『ミルク クローゼット』の最新刊・次巻発売日・全巻情報まとめ
次巻発売情報
このシリーズは完結済みです
この作品について
西暦2005年、子供たちが突如として消える現象が社会問題化していた。やまぐち葉菜と立花たろうもその一人。異世界に迷い込んだ二人は、そこで重傷を負い、しっぽ状の生物と合体することで命をつなぐ。人ならざる者となって現実世界に戻った彼らを待っていたのは、謎の女性・リーズル吉田と、彼女が告げる「合格」の言葉だった。一体何に合格したのか……。
富沢ひとしが講談社『Margaret』で連載した本作は、一見すると少女漫画の王道である学園ものの体裁を取りながら、異世界との接触によって人間の境界が揺らぐという設定を導入している点が特徴です。2000年代初頭という時期は、少女漫画においてもファンタジー要素の導入が積極的に試みられた時代でした。しかし本作の異世界は冒険の舞台というより、主人公たちの身体性そのものを変容させる装置として機能する。葉菜が異世界を嫌悪し、たろうがそれを気に入るという対比も、単なる性格の違いではなく、変容を受け入れるか拒むかという問いかけになっているのです。
既刊4巻という短い巻数ながら、少女漫画の枠組みで「人間とは何か」を問う射程を持った作品です。
まだ読んでいないあなたへ
2005年、子供たちが次々と消える現象が起きていたんです。
主人公の葉菜は、自分が迷い込む「異世界」を心から憎んでいました。そこは美しい冒険の舞台なんかじゃない。おぞましい場所。なのに周りの大人は彼女を「病気」扱いする。もう一人の主人公・たろうは真逆で、異世界での冒険を楽しんでいる。この対照的な二人が、ある日その世界で重傷を負うんです。
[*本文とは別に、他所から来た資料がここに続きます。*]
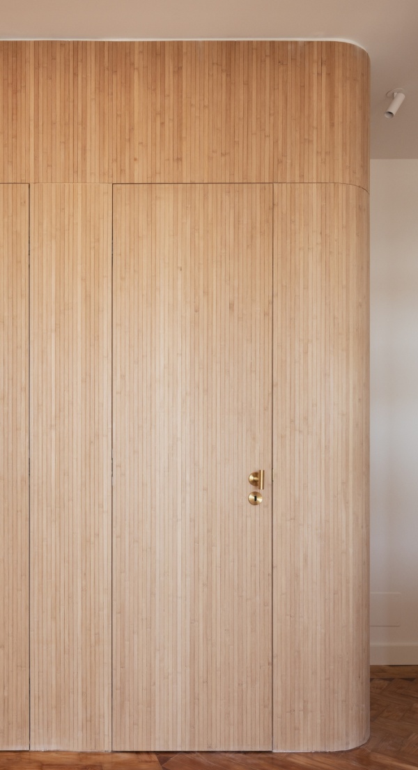 Este projeto destaca-se pela criação de um núcleo central revestido a bambu, que integra de forma discreta uma instalação sanitária e uma despensa. A casa foi alvo de alterações significativas, visando criar espaços mais amplos e fluidos. Foi dada uma atenção meticulosa aos detalhes, desde a seleção dos materiais até à disposição dos elementos. O uso de formas e arestas curvas acrescenta uma estética única e convidativa, tornando cada ambiente mais acolhedor e atrativo.
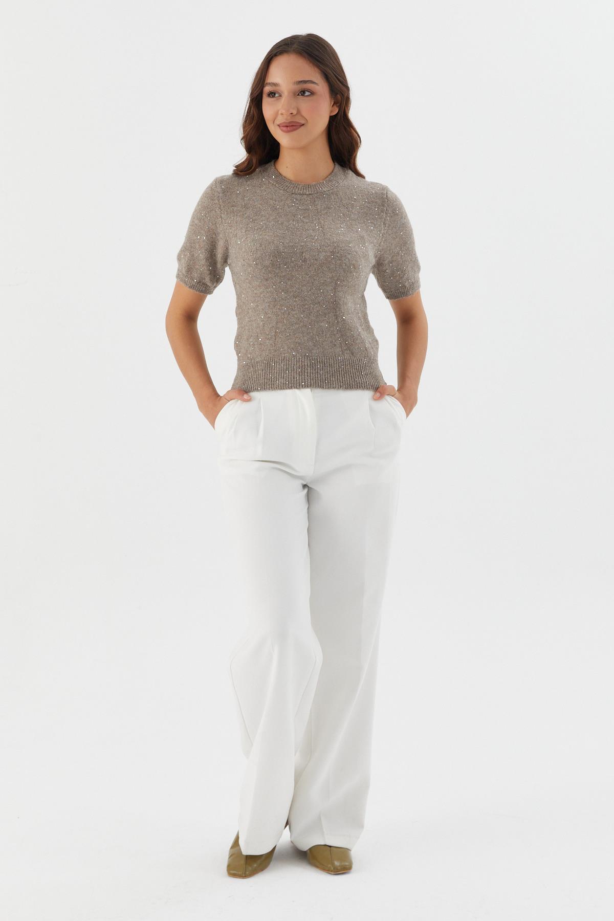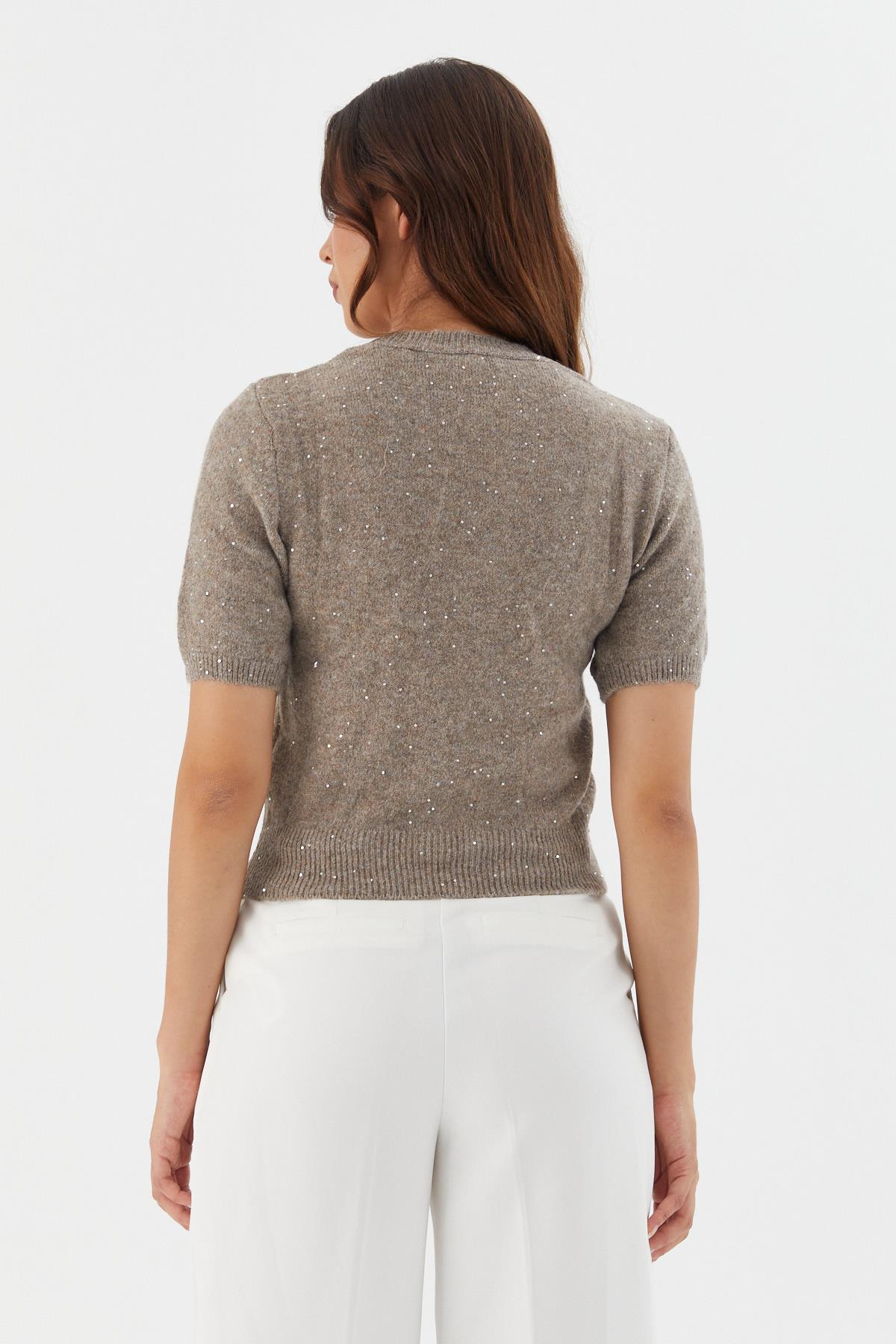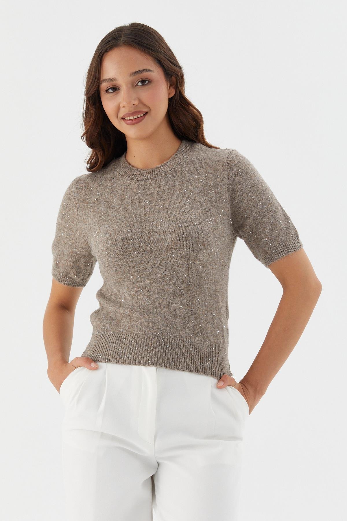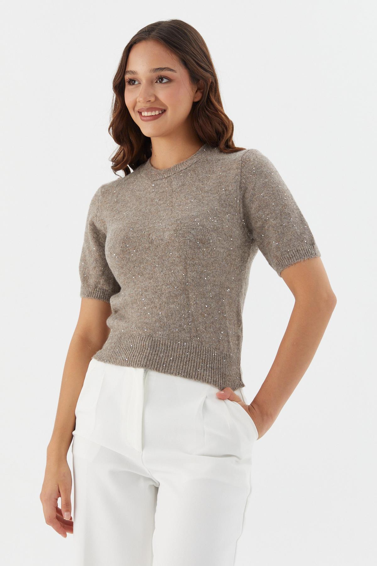 Simli Kısa Kol Triko Bluz VIZON (WTRI012P0073_966)

生き延びるために、二人は「しっぽ状の生物」と合体して共生する道を選びます。人間ではなくなって。
帰還した二人を待っていたのは、謎のお姉さん・リーズル吉田。彼女は告げるんです。「合格」したと。何に合格したのか。消える子供たちの現象は何なのか。異世界とは。そして人ならざる者になった二人の日常は、これからどうなるのか。
Margaretに連載されていた作品ですが、少女漫画の王道から一歩も二歩も踏み出した設定なんですよ。異世界を「おぞましい」と拒絶する少女の視点、生き延びるために人間を捨てる選択、そして謎めいた「合格」という言葉。既刊4巻という短さの中に、何が詰まっているのか。
富沢ひとしが2000年に描いたこの物語、今こそ開いてみてください。
巻一覧(発売順)全1巻
よくある質問
『ミルク クローゼット』は全何巻?
全1巻で完結済みです。
『ミルク クローゼット』の最新刊は?
最新刊は第1巻(3月27日(金)発売)です。
『ミルク クローゼット』の作者は誰?
富沢ひとし先生の作品です。
『ミルク クローゼット』の出版社は?
講談社から出版されています。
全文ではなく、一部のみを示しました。